:: Dataset content ::

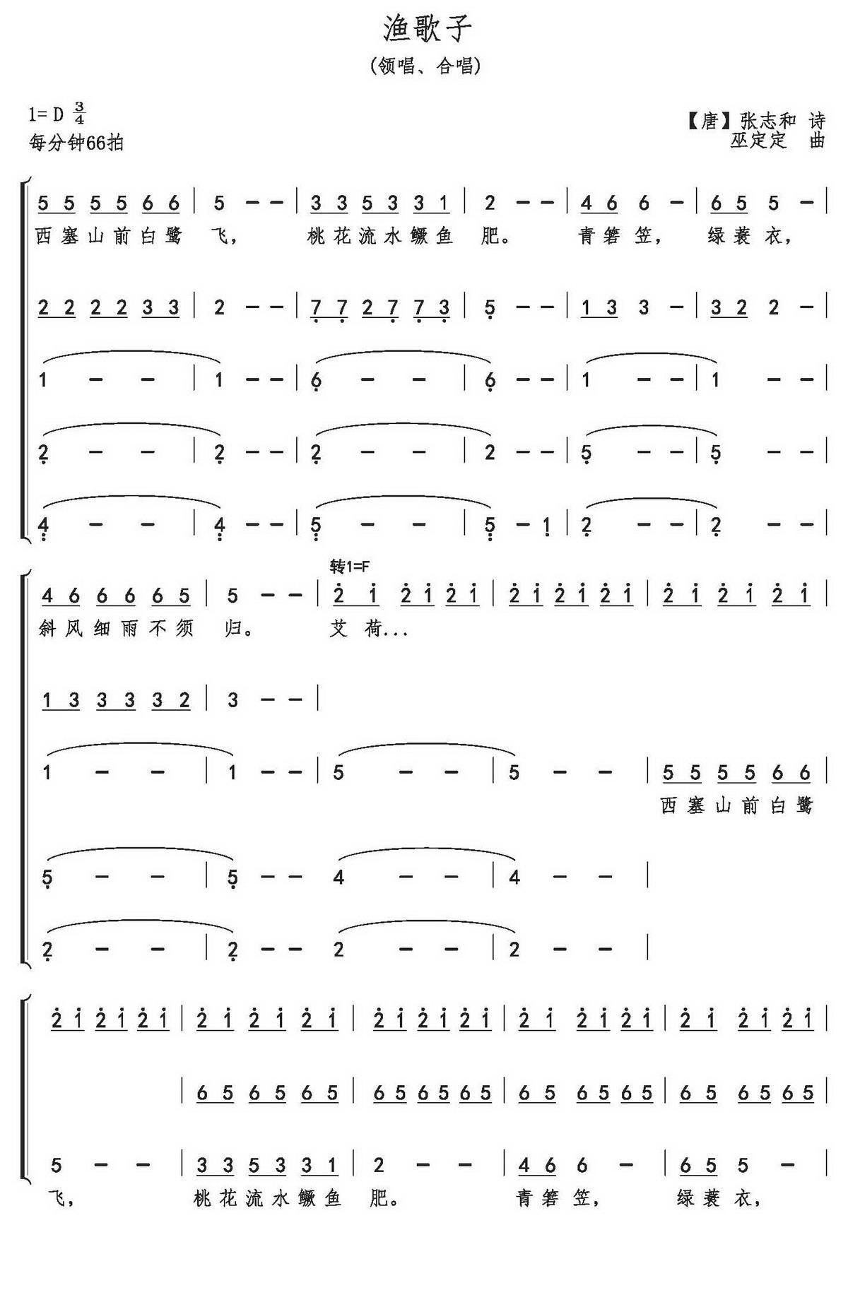 渔歌子合唱曲谱(巫定定作曲)
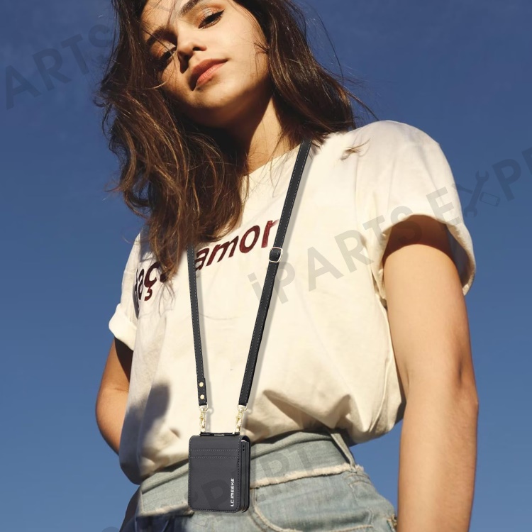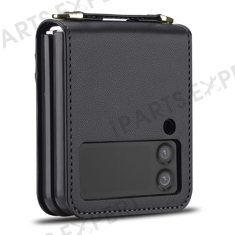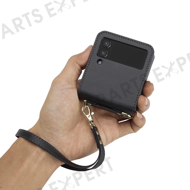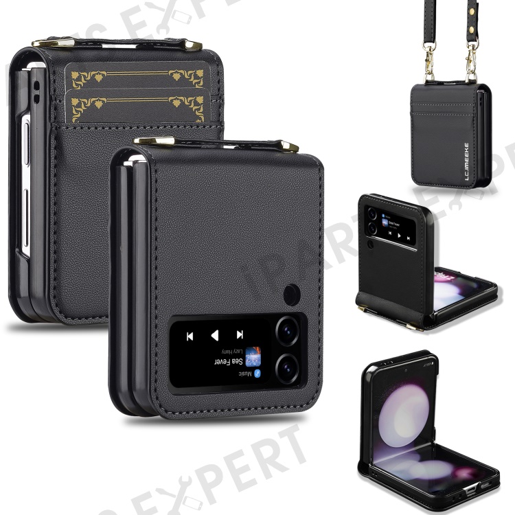 LC.IMEEKE for Samsung Galaxy Z Flip4 5G Case Leather+PC Phone Cover with Straps Card Slots - Black
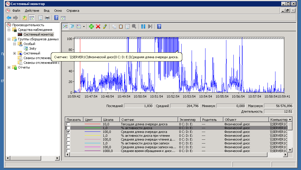 диск 1F это вторая пара дисков в raid1 для сетевых бэкапов...вижу там когда ночью копии с других серваков по сети лезут, тоже очередь идёт прилично? вернее вообще горизон по 100 идёт. по графику видно когда я пусканул проводку в 1с, в 23-40 примерно, через 13 минут она распределила данные и с полуночи 1эска 5 минут проводила и записывала это распределение.

:: Work item ::
Pictures aside, repeat every line of the data above exactly.

:: Answer area ::
 渔歌子合唱曲谱(巫定定作曲)
 LC.IMEEKE for Samsung Galaxy Z Flip4 5G Case Leather+PC Phone Cover with Straps Card Slots - Black
 диск 1F это вторая пара дисков в raid1 для сетевых бэкапов...вижу там когда ночью копии с других серваков по сети лезут, тоже очередь идёт прилично? вернее вообще горизон по 100 идёт. по графику видно когда я пусканул проводку в 1с, в 23-40 примерно, через 13 минут она распределила данные и с полуночи 1эска 5 минут проводила и записывала это распределение.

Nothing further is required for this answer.